* What you have to do
Skip the pictures and give back the rest of the listing exactly.

══ Exercise data ══

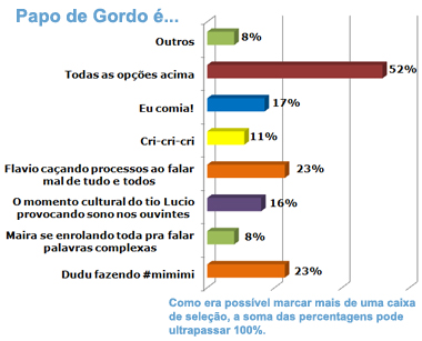 A intenção da pesquisa era descobrir o que os nossos ouvintes acham do Papo de Gordo e que assuntos eles gostariam que a gente abordasse.
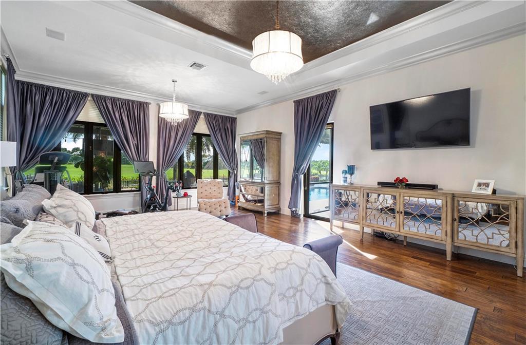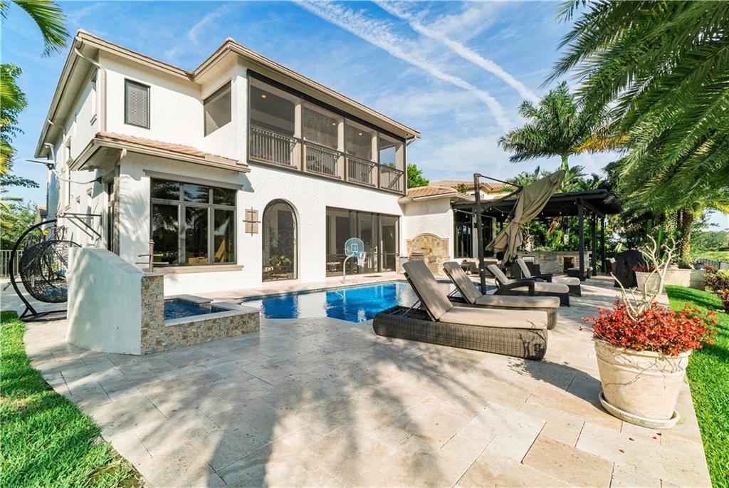 One of a kind estate home with 6 beds, 4 full & 2 half baths, on huge lot w/ fairway & lake views in Parkland Golf & CC. Remodeled & upgraded masterpiece w/ new family room custom wood wall unit on marble, new quartz counters in kitchen, double oven, white cabinets, ss appliances. New flooring in main living areas, built in bar off of dining room, contemporary fixtures & window treatments throughout, coffered wood ceilings, wood stairs w/ wrought iron rails & 2 balconies. Remodeled pool & patio area w/ summer kitchen, marble pavers, fire pit & outdoor gym. Minorca model expanded w/ 6th bedroom used as game room but could be 2nd master. Oversize master custom closet, lush landscaping, flat concrete tile roof! PGCC has resort pools, gyms, tennis, spa, restaurants & fun!
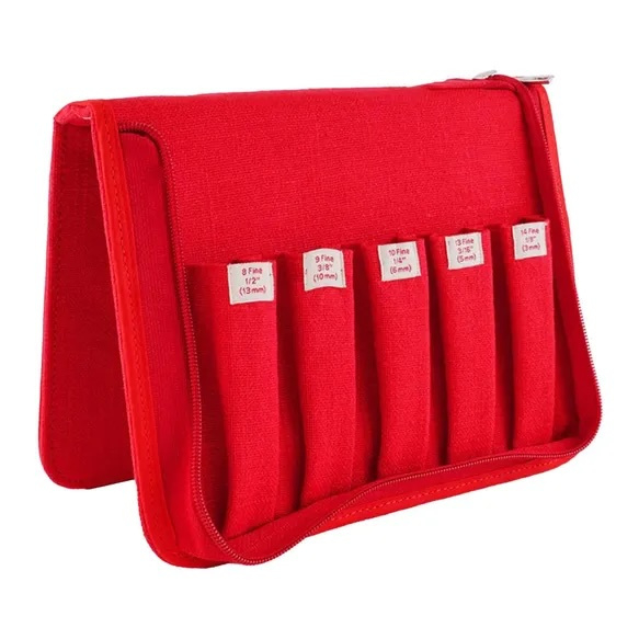 Het Oxford punchnaaldenetui is een prachtig etui van katoen met 11 vakjes voor het opbergen van punchnaalden en accessoires. Het rechthoekige etui sluit rondom met een rits en een drukknoop. Het open etui kun je daarnaast gebruiken als handige naaldenstandaard. Verkrijgbaar in twee verschillende kleuren. Het etui wordt zonder inhoud geleverd.
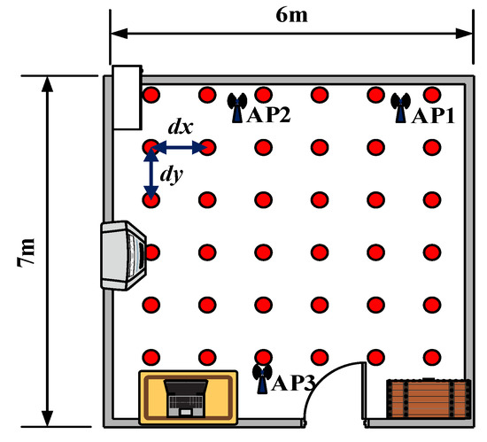Second, the experiment was conducted in a living room, which was 6 m × 7 m and also covered by three APs. In this scenario, and were set to 0.9 m. The fingerprint was collected at 36 different reference points as shown in Figure 6. The data were collected 500 times per location, and the sampling interval was set to 0.01 s.

═══

* Expected answer
 A intenção da pesquisa era descobrir o que os nossos ouvintes acham do Papo de Gordo e que assuntos eles gostariam que a gente abordasse.
 One of a kind estate home with 6 beds, 4 full & 2 half baths, on huge lot w/ fairway & lake views in Parkland Golf & CC. Remodeled & upgraded masterpiece w/ new family room custom wood wall unit on marble, new quartz counters in kitchen, double oven, white cabinets, ss appliances. New flooring in main living areas, built in bar off of dining room, contemporary fixtures & window treatments throughout, coffered wood ceilings, wood stairs w/ wrought iron rails & 2 balconies. Remodeled pool & patio area w/ summer kitchen, marble pavers, fire pit & outdoor gym. Minorca model expanded w/ 6th bedroom used as game room but could be 2nd master. Oversize master custom closet, lush landscaping, flat concrete tile roof! PGCC has resort pools, gyms, tennis, spa, restaurants & fun!
 Het Oxford punchnaaldenetui is een prachtig etui van katoen met 11 vakjes voor het opbergen van punchnaalden en accessoires. Het rechthoekige etui sluit rondom met een rits en een drukknoop. Het open etui kun je daarnaast gebruiken als handige naaldenstandaard. Verkrijgbaar in twee verschillende kleuren. Het etui wordt zonder inhoud geleverd.
Second, the experiment was conducted in a living room, which was 6 m × 7 m and also covered by three APs. In this scenario, and were set to 0.9 m. The fingerprint was collected at 36 different reference points as shown in Figure 6. The data were collected 500 times per location, and the sampling interval was set to 0.01 s.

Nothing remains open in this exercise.